Informations sur la santé disponibles (voir figures 2 et 3): Les principaux thèmes de santé abordés dans les sites participants (50 % des sites ou
plus) sont : l’homophobie, le bien-être sexuel, l’utilisation du condom, les infections transmissibles sexuellement ou par le sang (ITSS), la
discrimination et le processus de dévoilement de l’orientation sexuelle (coming out) et les relations familiales. Près du tiers des sites présentent des
informations sur les relations de couple, environ un quart sur la violence, la consommation de drogues, le suicide et la dépression et un site sur cinq
abordent les thèmes comme la fin d’une relation, la consommation d’alcool et le décès d’un proche. Parmi les thèmes moins fréquemment abordés
(moins de 20 % des sites), on retrouve le stress et le niveau de stress ou d’anxiété élevé, la dépendance affective, l’image corporelle, la prise en
charge d’une personne souffrant de maladie et la recherche d’un partenaire stable ou régulier. Le jeu compulsif, la dépendance à Internet et la
sexualité compulsive sont des thèmes plus rarement traités dans les sites (moins de 10%). On remarque des différences statistiquement
significatives lorsque l’on compare les informations sur la santé disponibles sur les sites LGBT et les sites VIH/sida. Les organismes VIH/sida sont
plus nombreux à présenter des informations sur des thèmes tels que la santé sexuelle (ITSS, utilisation du condom, pratiques sexuelles et niveaux
de risques associés) et les sites LGBT sont plus nombreux à présenter des contenus reliés au suicide et à plusieurs autres thèmes de santé ayant
trait aux relations interpersonnelles et sociales (discrimination, coming out et violence).
Activités interactives: Mis à part l’affichage d’une adresse courriel, les organismes proposant de véritables activités interactives sont relativement
peu nombreux (environ un quart à un tiers) mais plusieurs ont indiqué un intérêt à en proposer davantage. Une nouvelle stratégie adoptée par
plusieurs organismes consiste à créer un profil sur les sites de réseautage sociaux tels que YouTube, Facebook ou MySpace afin de rejoindre des
usagers qui ne visitent par leurs sites. Ces sites de réseautage offrent un potentiel intéressant pour des interventions en matière de santé (voir figure
4).
1 Cette recherche est financée par le Conseil de recherche en sciences humaines du Canada (CRSH – 820-2007-1061 – programme des initiatives de développement de la recherche) et
son développement a été soutenu par une subvention de l’Institut de la santé des femmes et des hommes (ISFH), une composante des Instituts de recherche en santé du Canada (IRSC
2005-11-HOA-1988721) de même que d’une subvention du Fonds Québécois de Recherche sur la Société et la Culture (FQRSC 111796) accordée à l’équipe SVR.
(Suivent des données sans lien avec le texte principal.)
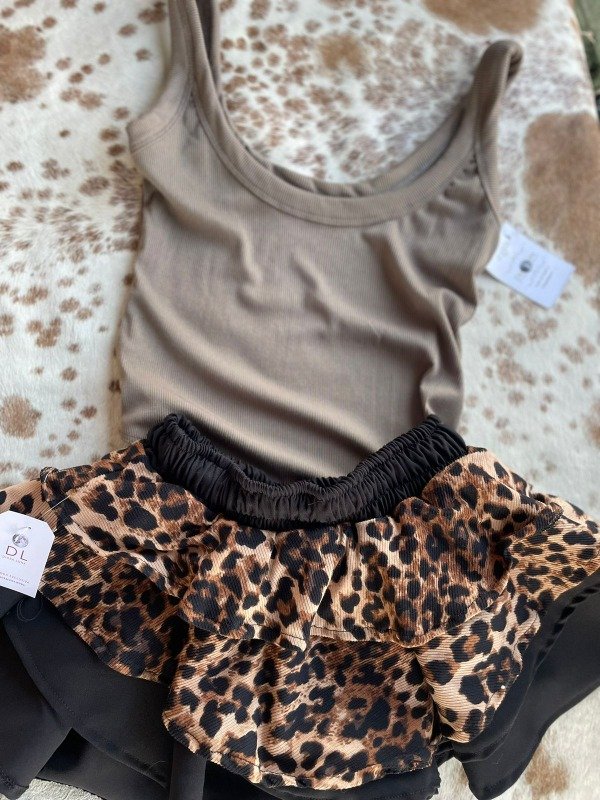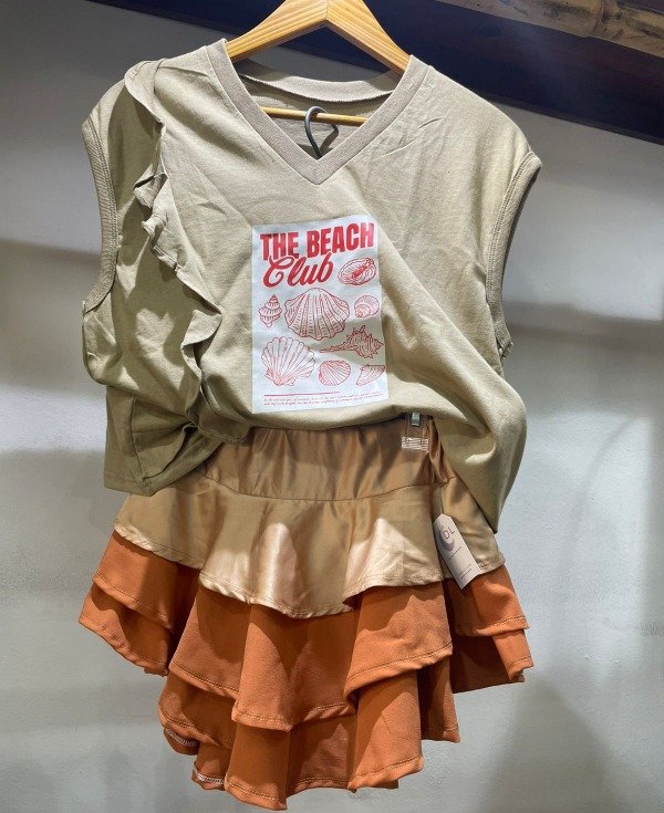 Short Pollera con vuelos, tiene elástico en la cintura.
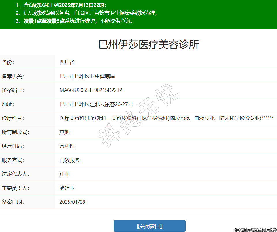 省份:四川省備案機(jī)關(guān):巴中市巴州區(qū)衛(wèi)生健康局備案編號:MA66GJ20551190215D2212地址:巴中市巴州區(qū)江北云景巷26-27號診療科目:醫(yī)療美容科(美容外科、美容皮膚科) | 醫(yī)學(xué)檢驗(yàn)科(臨床體液、血液專業(yè)、臨床化學(xué)檢驗(yàn)專業(yè))******所有制形式:其他經(jīng)營性質(zhì):營利性服務(wù)方式:門診服務(wù)法定代表人:汪莉主要負(fù)責(zé)人:賴廷玉備案日期:2025/01/08 -

Conclusions: Cette étude exploratoire démontre la place importante
occupée par les organismes communautaires concernant la diffusion
d’informations sur la santé des minorités sexuelles sur Internet. Les
principaux thèmes de santé abordés sont associés au statut
problématique des minorités sexuelles dans la société contemporaine et
à la prévention des ITSS et du VIH/sida. Les thèmes associés à la santé
mentale et d’autres problèmes de santé sont moins souvent couverts,
suggérant que, dans un contexte où un nombre de plus en plus
important d’organismes adoptent une approche globale de la santé,
seulement quelques-uns ont développé des contenus s’inscrivant dans
cette perspective. Les programmes d’intervention privilégiant
l’interactivité (usager-intervenant ou usager-usager) sont encore
relativement peu nombreux mais plusieurs organismes voient leur
potentiel et seraient intéressés à adopter de telles stratégies. Se joindre
à des sites de réseautage sociaux et intégrer un salon de clavardage
dans les sites sont des exemples de développements envisagés par les
organisations. Une meilleure compréhension des raisons expliquant
pourquoi les organisations évoluent lentement vers ces stratégies est
nécessaire. C’est l’objectif de la prochaine phase de notre recherche.
Pour ce faire, nous avons sélectionné un échantillon d’organismes
œuvrant auprès de sous-groupes de la population LGBT à travers le
Canada et réaliserons des entrevues semi-dirigées avec les
gestionnaires de leurs sites Internet.